Why the Other Options Are Wrong
B. Give the scheduled dose of insulin glargine now to stabilize the blood glucose level
This is unsafe. Insulin glargine is long-acting insulin, and giving more insulin during active hypoglycemia would worsen the low blood sugar. The patient needs glucose first, not additional insulin. Even if glargine is due later, the immediate priority is correcting the hypoglycemia and reassessing.
C. Place the patient in a side-lying position and prepare to administer glucagon intramuscularly
Glucagon is useful when a patient is unconscious, having seizures, or cannot safely swallow. This patient is alert and able to take oral carbohydrates, so glucagon is not the first-line option. Side-lying positioning is often used because glucagon can cause nausea and vomiting, but it is unnecessary as the priority intervention here because the patient can be treated more simply and quickly by mouth.
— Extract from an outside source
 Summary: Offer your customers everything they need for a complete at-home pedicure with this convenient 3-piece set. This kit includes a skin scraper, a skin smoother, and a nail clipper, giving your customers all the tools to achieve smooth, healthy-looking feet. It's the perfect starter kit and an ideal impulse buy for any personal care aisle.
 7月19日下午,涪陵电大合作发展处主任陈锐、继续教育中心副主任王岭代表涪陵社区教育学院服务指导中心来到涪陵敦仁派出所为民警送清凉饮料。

D. Notify the provider of the low blood glucose before giving anything by mouth
This delays urgent treatment. Hypoglycemia is a time-sensitive problem. Nurses are expected to treat it promptly using standing protocols and clinical judgment, especially when the patient is symptomatic and able to swallow. The provider can be notified after the patient is stabilized or sooner if required by policy, but treatment should not wait.
Key Takeaways
- Rapid-acting insulin can cause hypoglycemia quickly if food intake is delayed.
- If the patient is alert and can swallow, give 15 g of rapid-acting carbohydrate first.
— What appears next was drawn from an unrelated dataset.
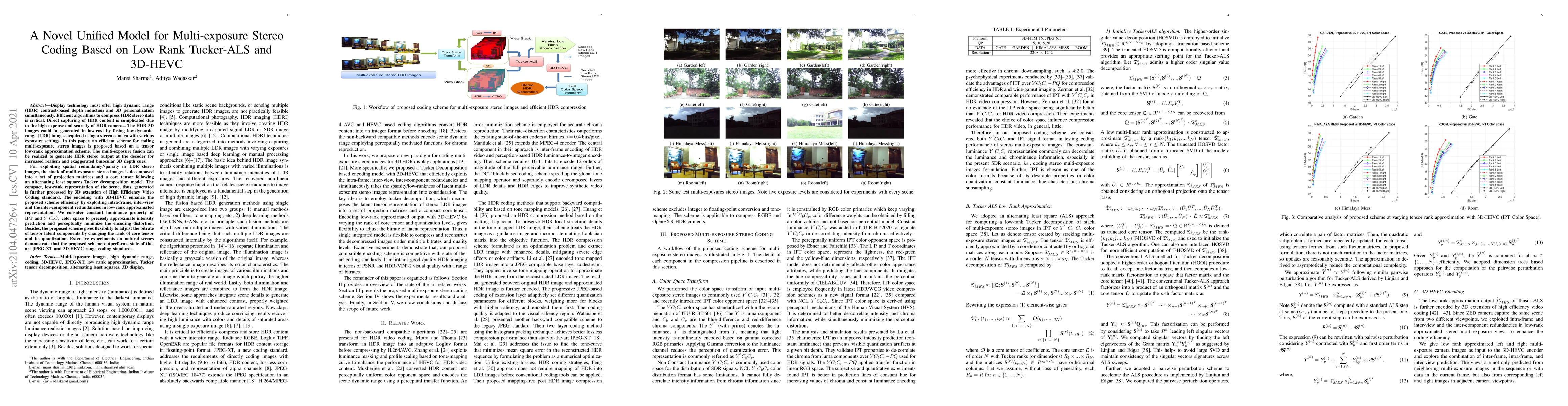 A new method for compressing stereo images with multiple exposures is proposed, using a low-rank approximation scheme that combines spatial redundancy and 3D video coding for efficient compression.

- Recheck blood glucose in 15 minutes and repeat treatment if needed per protocol.
- After recovery, give a snack or meal if insulin is still active and the next meal is not ready.
- Always connect the glucose result to the medication timeline, meal timing, and symptoms.
- What you’d do on shift: confirm symptoms, check bedside glucose, treat immediately if the patient can swallow, recheck in 15 minutes, watch for recurrence, document clearly, and address the cause such as delayed meals or poor intake.
Quick Practice Extension
1. If this same patient became confused and could not swallow safely, what intervention would be the best next step?
2. What teaching would you give a patient who receives rapid-acting insulin about meal timing and when to report symptoms?
That is today’s NCLEX Question of the Day. The big lesson is simple: with insulin, timing matters. Safe nursing care means noticing when the treatment plan and the real-life situation no longer match.